§ Supplied material
::::::::::
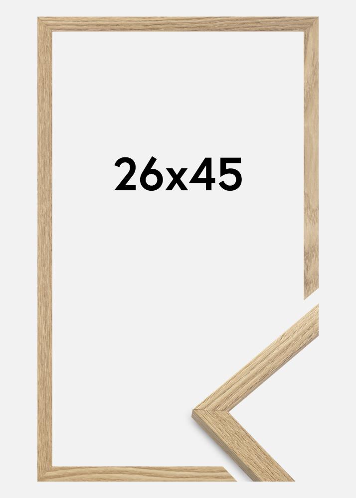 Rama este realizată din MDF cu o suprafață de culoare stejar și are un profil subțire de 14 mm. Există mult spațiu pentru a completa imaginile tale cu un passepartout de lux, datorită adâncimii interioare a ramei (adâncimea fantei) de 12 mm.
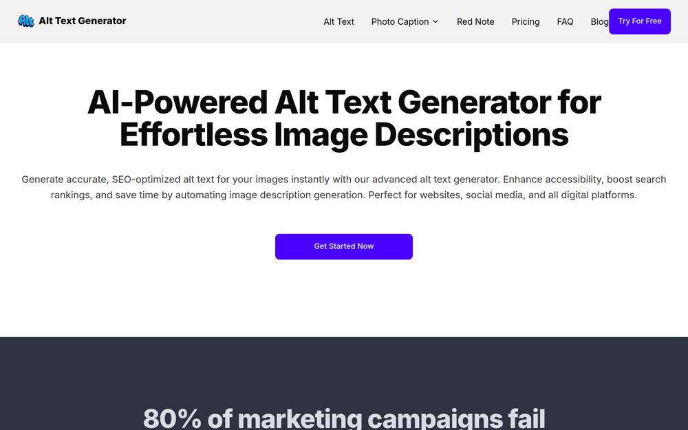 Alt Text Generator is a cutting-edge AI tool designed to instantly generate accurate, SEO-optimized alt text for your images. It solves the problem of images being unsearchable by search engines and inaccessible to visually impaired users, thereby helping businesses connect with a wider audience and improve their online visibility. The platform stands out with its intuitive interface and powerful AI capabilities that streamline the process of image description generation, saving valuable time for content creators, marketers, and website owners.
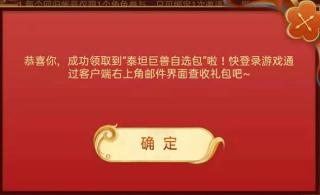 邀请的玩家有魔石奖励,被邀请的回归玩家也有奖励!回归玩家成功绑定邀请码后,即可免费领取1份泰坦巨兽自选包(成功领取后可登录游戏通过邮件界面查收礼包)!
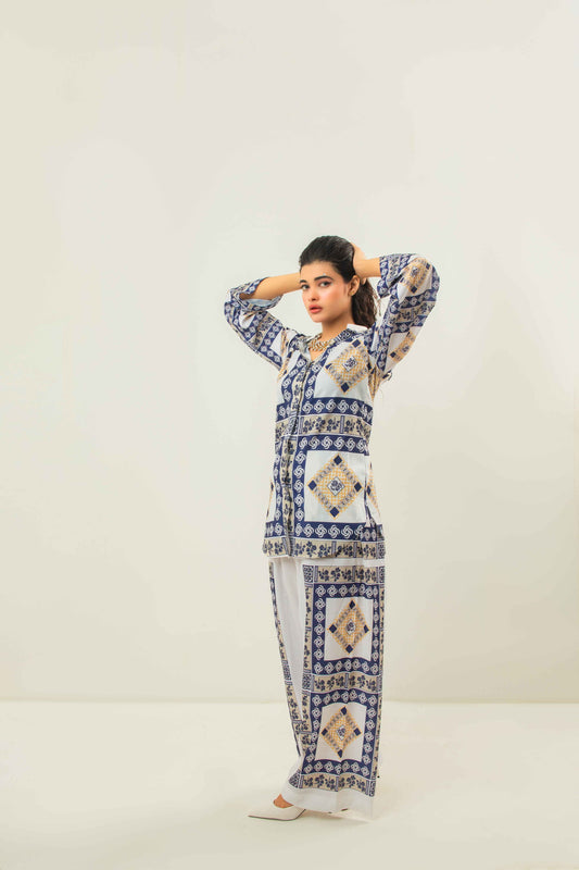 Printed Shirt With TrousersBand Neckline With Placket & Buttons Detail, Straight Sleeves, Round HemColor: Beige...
::::::::::
§ What you are asked to do
The listing must be returned in full and exactly, apart from its pictures.

§ Task response
 Rama este realizată din MDF cu o suprafață de culoare stejar și are un profil subțire de 14 mm. Există mult spațiu pentru a completa imaginile tale cu un passepartout de lux, datorită adâncimii interioare a ramei (adâncimea fantei) de 12 mm.
 Alt Text Generator is a cutting-edge AI tool designed to instantly generate accurate, SEO-optimized alt text for your images. It solves the problem of images being unsearchable by search engines and inaccessible to visually impaired users, thereby helping businesses connect with a wider audience and improve their online visibility. The platform stands out with its intuitive interface and powerful AI capabilities that streamline the process of image description generation, saving valuable time for content creators, marketers, and website owners.
 邀请的玩家有魔石奖励,被邀请的回归玩家也有奖励!回归玩家成功绑定邀请码后,即可免费领取1份泰坦巨兽自选包(成功领取后可登录游戏通过邮件界面查收礼包)!
 Printed Shirt With TrousersBand Neckline With Placket & Buttons Detail, Straight Sleeves, Round HemColor: Beige...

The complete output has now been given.